◆ **Data extract**:
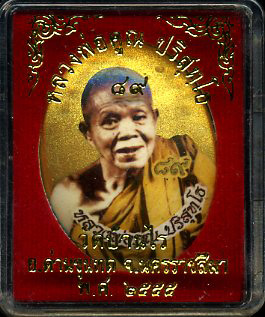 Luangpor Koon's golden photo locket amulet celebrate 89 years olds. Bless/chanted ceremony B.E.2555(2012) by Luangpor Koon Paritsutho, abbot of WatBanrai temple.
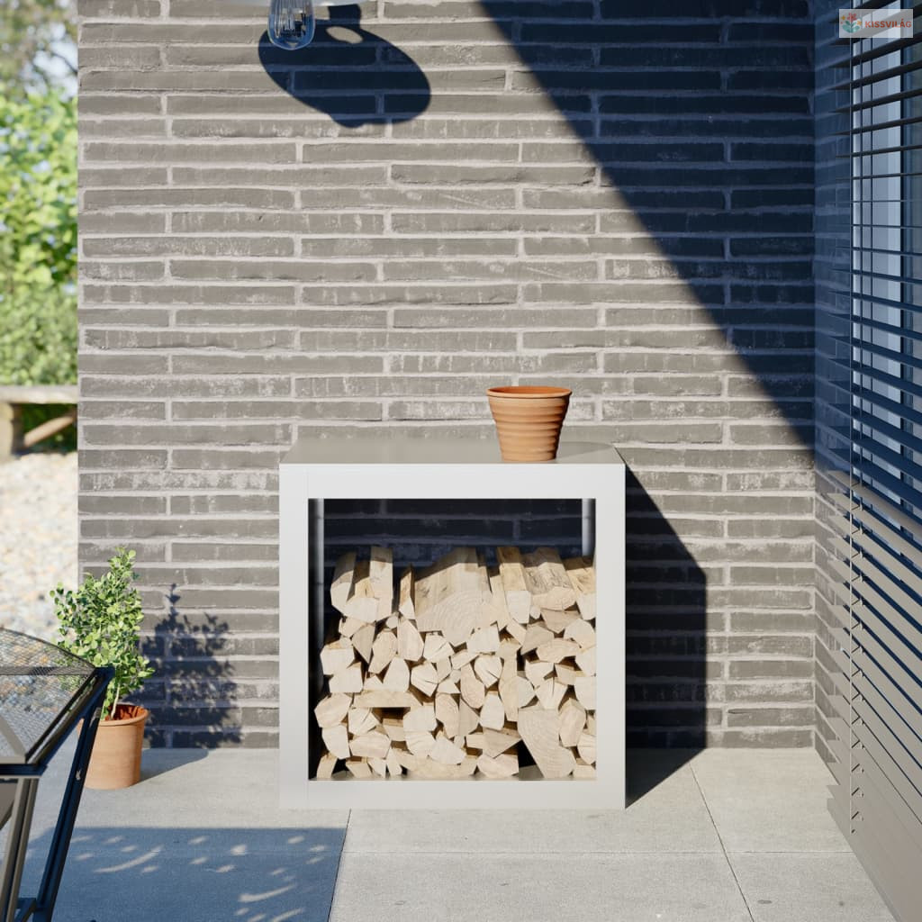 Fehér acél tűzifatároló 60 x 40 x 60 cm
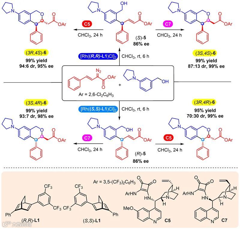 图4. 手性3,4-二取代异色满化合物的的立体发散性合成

---

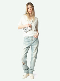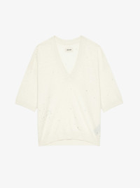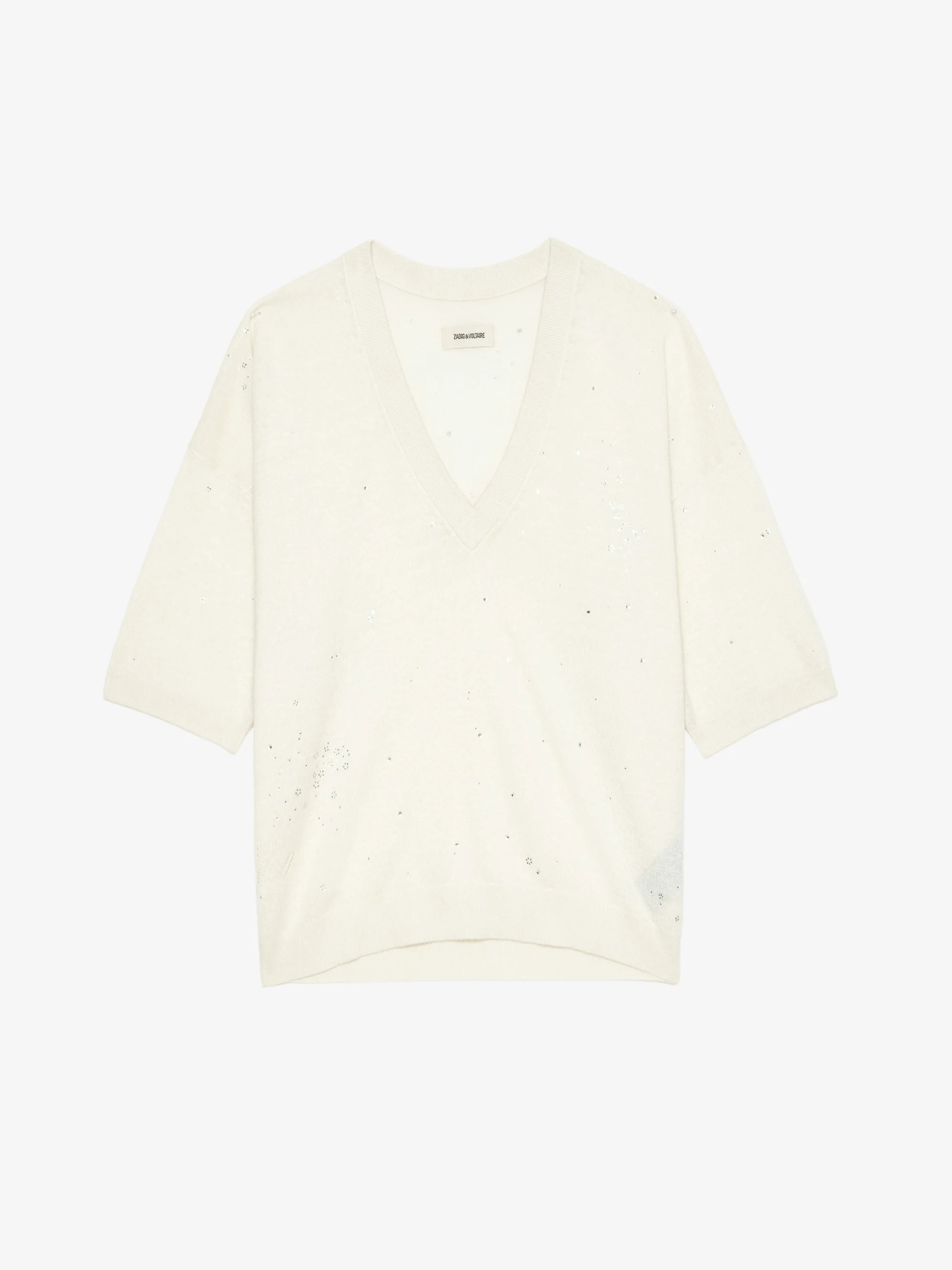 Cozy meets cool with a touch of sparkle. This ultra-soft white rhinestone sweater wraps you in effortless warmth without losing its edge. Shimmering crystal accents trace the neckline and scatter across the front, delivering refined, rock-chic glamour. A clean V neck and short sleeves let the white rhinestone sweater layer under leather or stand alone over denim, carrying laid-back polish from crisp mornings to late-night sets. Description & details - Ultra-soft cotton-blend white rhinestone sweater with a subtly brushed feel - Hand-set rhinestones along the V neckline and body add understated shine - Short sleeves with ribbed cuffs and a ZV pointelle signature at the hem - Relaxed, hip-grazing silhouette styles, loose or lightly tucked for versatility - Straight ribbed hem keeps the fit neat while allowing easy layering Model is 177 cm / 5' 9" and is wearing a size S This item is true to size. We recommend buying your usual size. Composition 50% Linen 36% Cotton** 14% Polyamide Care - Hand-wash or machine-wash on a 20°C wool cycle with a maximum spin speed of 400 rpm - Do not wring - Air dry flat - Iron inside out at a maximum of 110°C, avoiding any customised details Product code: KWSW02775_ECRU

◆ **Problem requirements**: Copy nothing but the lines above that run from the one with "Fehér acél tűzifatároló 60 x 40 x 60 cm" to the one with "图4. 手性3,4-二取代异色满化合物的的立体发散性合成", ends included; pictures stay out.

◆ **Solved exercise**:
 Fehér acél tűzifatároló 60 x 40 x 60 cm
 图4. 手性3,4-二取代异色满化合物的的立体发散性合成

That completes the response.